Toshiba Regza 42WLT66A LCD Picture and sound on DTV has stopped functioning (blank black screen) But i can still watch DVDs no problem????


----------



## Cookiegal (Aug 27, 2003)

I'm no expert on TVs but I wonder if it could be that the "source" needs to be changed back to HDMI or component, depending on what type of cable you're using and assuming you have satellite service.

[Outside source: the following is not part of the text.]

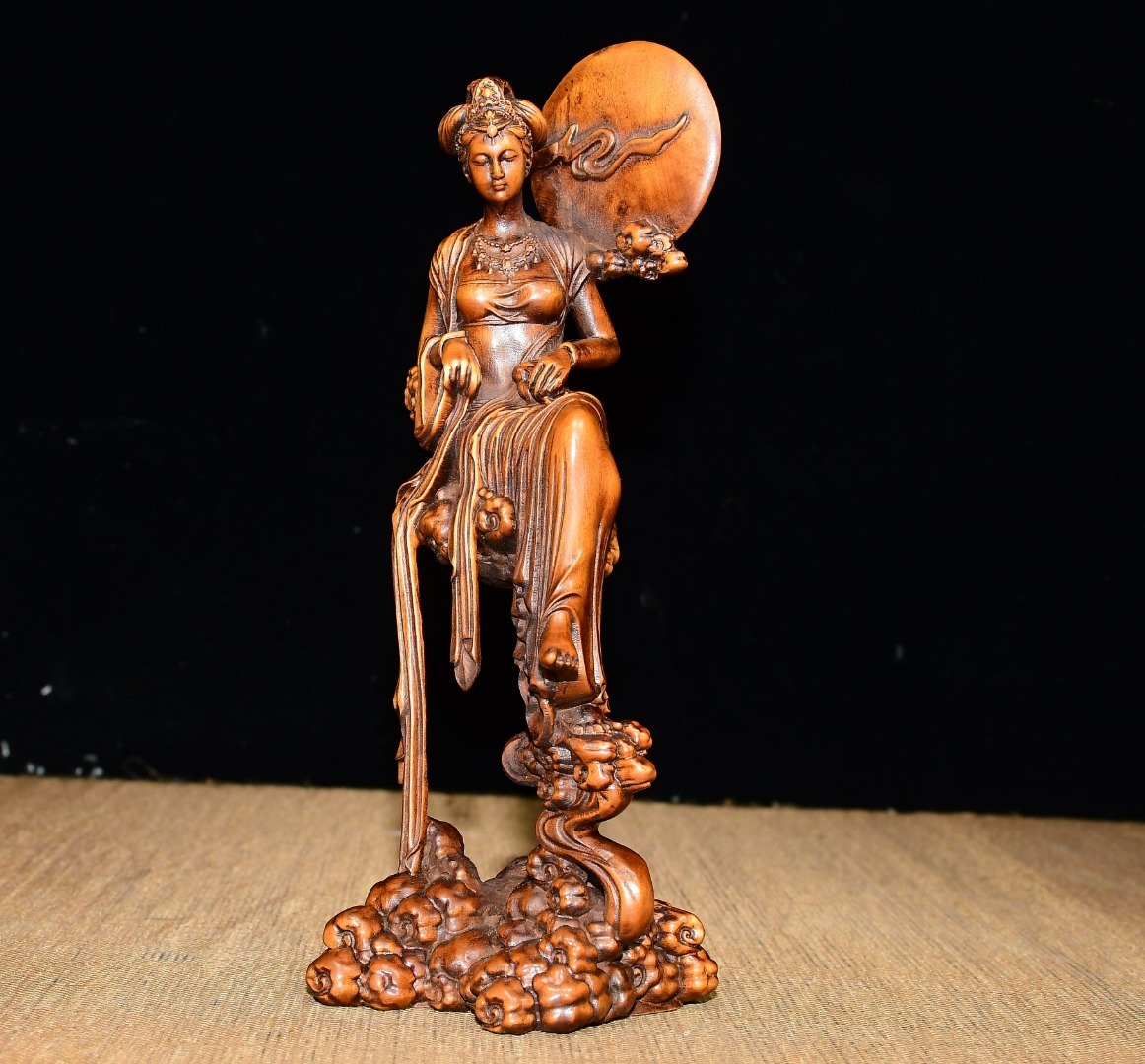- 『館蔵珍品 黄楊木製 細密彫 嫦娥 置物 賞物』稀少珍蔵品 古賞物 貴重物品 収蔵品 中国古美術 時代物 古董品

Or have you tried resetting the receiver, again, assuming you have satellite service?


----------



## Butcha (Aug 8, 2012)

Hmmm thx for the response, i haven't got satellite service, but i might hook up something via HDMI to see if that is functioning as its just using RCA plugs at present..


----------



## DoubleHelix (Dec 10, 2004)

How do you get a television signal? What equipment is used?


----------



## Butcha (Aug 8, 2012)

I have another TV hooked up to Aerial that supplies signal, that TV receives signal. So i guess it must be a damaged digital board within the TV...I am going to try an external set top box tomorrow to see if that works..


----------



## Karlisle (Sep 4, 2012)

I have the same problem. Any solutions?


----------



## Butcha (Aug 8, 2012)

Hi, i connected an external digital set top box and it worked. So it must be the digital board inside the unit....does anyone know if they are easy to replace? and at what cost?


----------